* INFORMATION PROVIDED *
##########
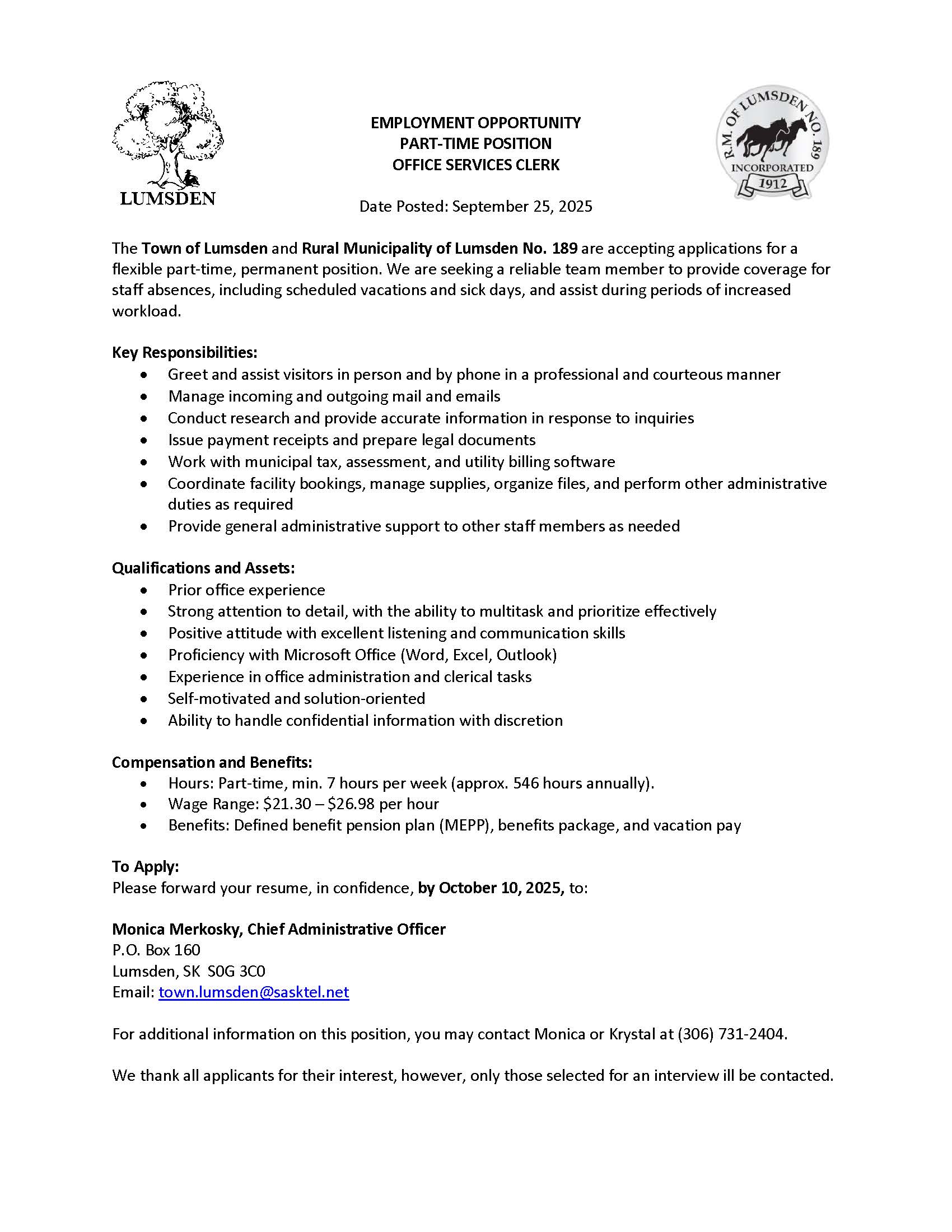 Part Time Office Services Clerk:
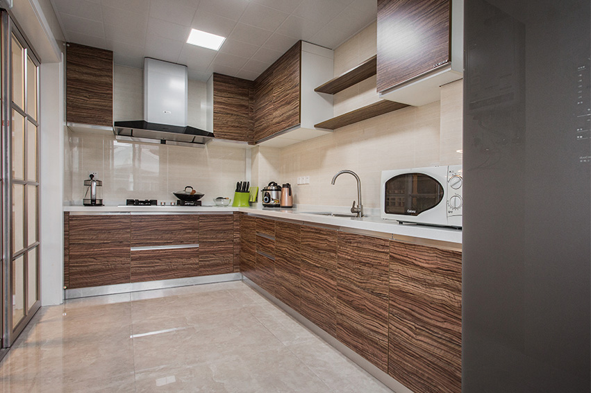 厨房的装修也要注意与整个家装的装修风格相一致,不然会有点杂乱之感,应注重厨房与整个空间的协调一致。
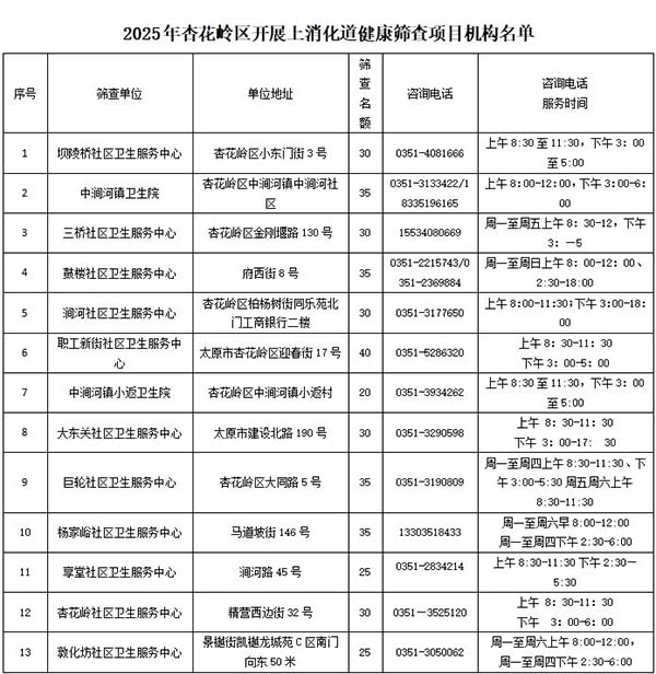 上消化道筛查社区地址及联系方式
##########
Each line of the data above should be reproduced without alteration, and no picture should appear in the copy.

* REPLY TO THE TASK *
 Part Time Office Services Clerk:
 厨房的装修也要注意与整个家装的装修风格相一致,不然会有点杂乱之感,应注重厨房与整个空间的协调一致。
 上消化道筛查社区地址及联系方式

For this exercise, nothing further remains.